__Exercise prompt__
Go to the line with "将传送宽度向基板外形尺寸+余宽的位置移动。运行时传送宽度值适用以下项目设定值。" in the records below, then output it and each following line exactly, up to and including the line with "11月29日:Huinan Liu, Associate". Skip pictures and add nothing.

__Record extracts__
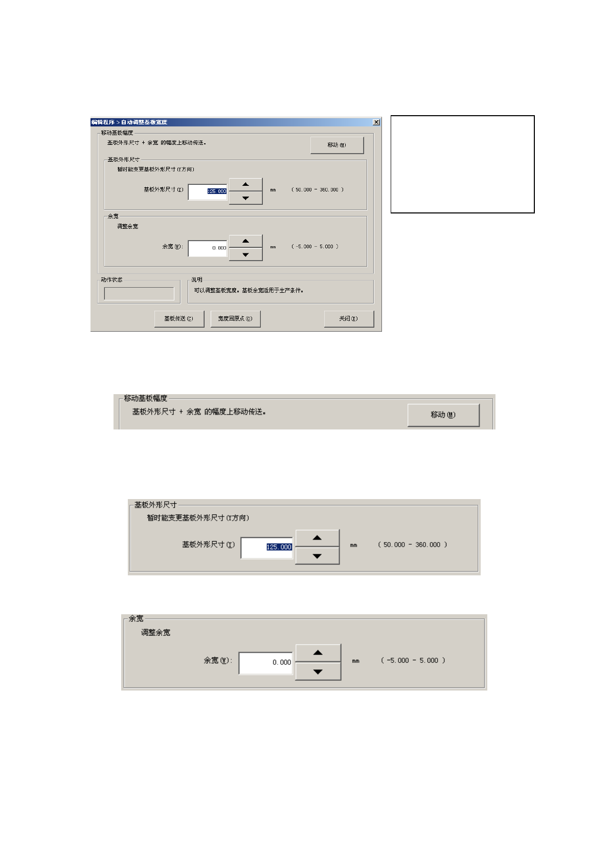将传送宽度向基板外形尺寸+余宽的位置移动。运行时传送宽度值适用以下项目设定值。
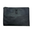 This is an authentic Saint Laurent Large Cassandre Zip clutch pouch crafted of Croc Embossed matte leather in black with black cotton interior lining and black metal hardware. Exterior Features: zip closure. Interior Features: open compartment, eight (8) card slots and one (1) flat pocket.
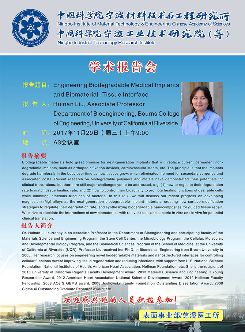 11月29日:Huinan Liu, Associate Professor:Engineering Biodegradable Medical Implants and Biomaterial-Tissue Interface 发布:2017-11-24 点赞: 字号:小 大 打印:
--
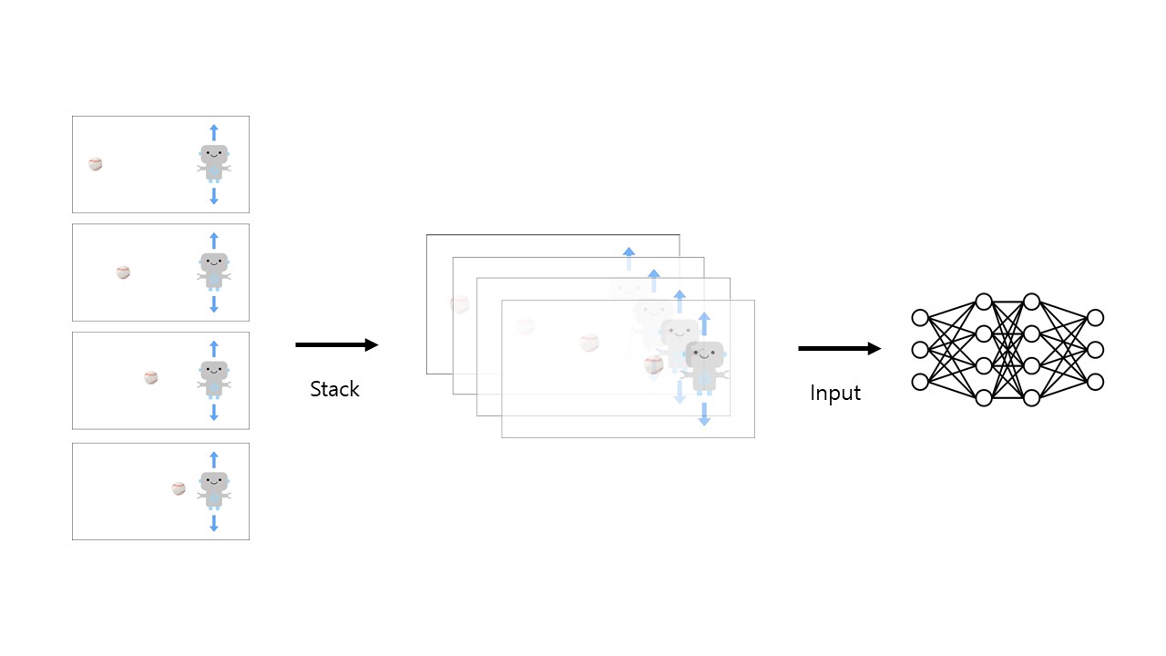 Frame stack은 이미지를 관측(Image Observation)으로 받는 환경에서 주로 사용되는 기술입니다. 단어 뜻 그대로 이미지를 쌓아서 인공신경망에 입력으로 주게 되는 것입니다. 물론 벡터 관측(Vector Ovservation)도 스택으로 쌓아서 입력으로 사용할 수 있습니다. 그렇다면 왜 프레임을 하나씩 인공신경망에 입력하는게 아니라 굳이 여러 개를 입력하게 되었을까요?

__Output below__
将传送宽度向基板外形尺寸+余宽的位置移动。运行时传送宽度值适用以下项目设定值。
 This is an authentic Saint Laurent Large Cassandre Zip clutch pouch crafted of Croc Embossed matte leather in black with black cotton interior lining and black metal hardware. Exterior Features: zip closure. Interior Features: open compartment, eight (8) card slots and one (1) flat pocket.
 11月29日:Huinan Liu, Associate Professor:Engineering Biodegradable Medical Implants and Biomaterial-Tissue Interface 发布:2017-11-24 点赞: 字号:小 大 打印:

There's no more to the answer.